EXERCISE DESCRIPTION - Print exactly the lines that run from the one containing "lesen Sie sofort." to the final line of the data, both included, and print none of the pictures.

DATA BLOCK -
□ □ □ □ □ □ □

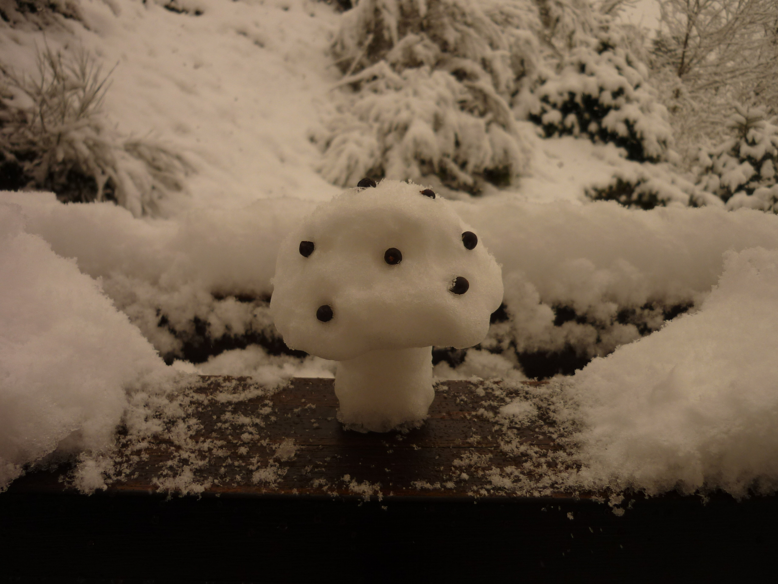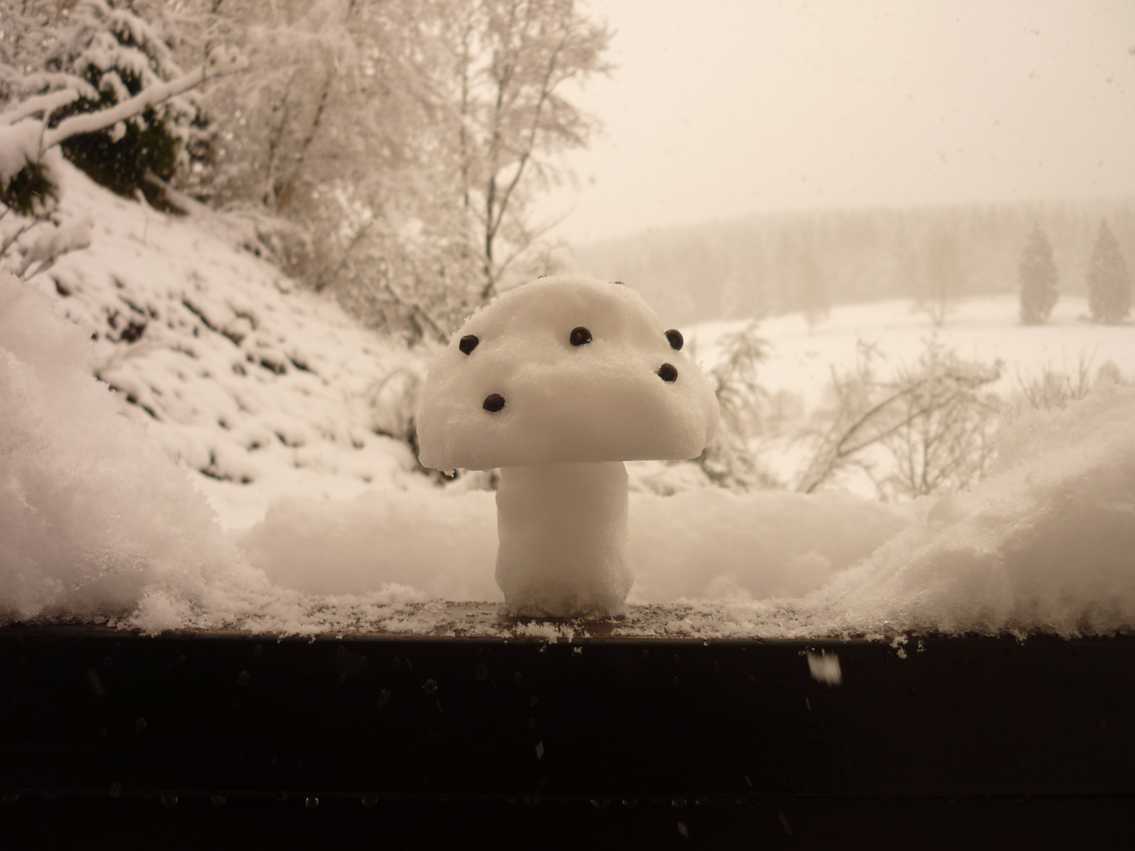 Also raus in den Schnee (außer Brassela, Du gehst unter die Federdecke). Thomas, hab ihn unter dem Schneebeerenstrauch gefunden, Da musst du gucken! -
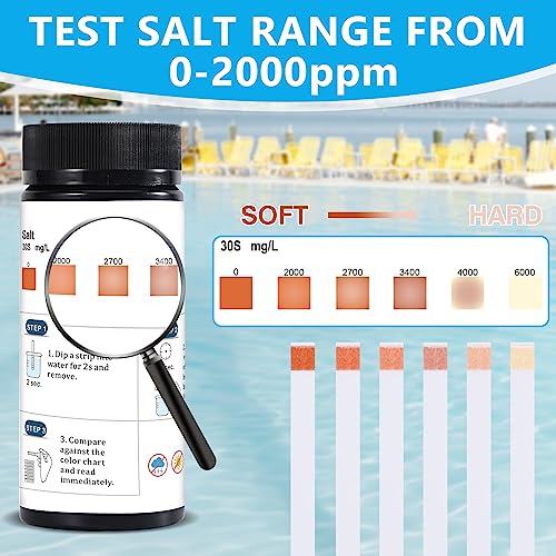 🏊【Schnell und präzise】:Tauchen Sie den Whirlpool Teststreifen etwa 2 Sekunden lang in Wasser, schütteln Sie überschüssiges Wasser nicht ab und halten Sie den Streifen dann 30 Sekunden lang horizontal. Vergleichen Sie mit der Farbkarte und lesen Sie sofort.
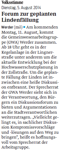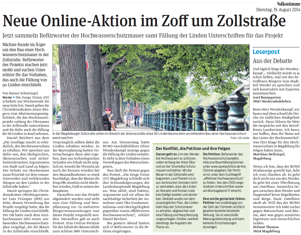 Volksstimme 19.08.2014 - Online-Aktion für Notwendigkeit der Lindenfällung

□ □ □ □ □ □ □

OUTPUT OF THE TASK -
 🏊【Schnell und präzise】:Tauchen Sie den Whirlpool Teststreifen etwa 2 Sekunden lang in Wasser, schütteln Sie überschüssiges Wasser nicht ab und halten Sie den Streifen dann 30 Sekunden lang horizontal. Vergleichen Sie mit der Farbkarte und lesen Sie sofort.
 Volksstimme 19.08.2014 - Online-Aktion für Notwendigkeit der Lindenfällung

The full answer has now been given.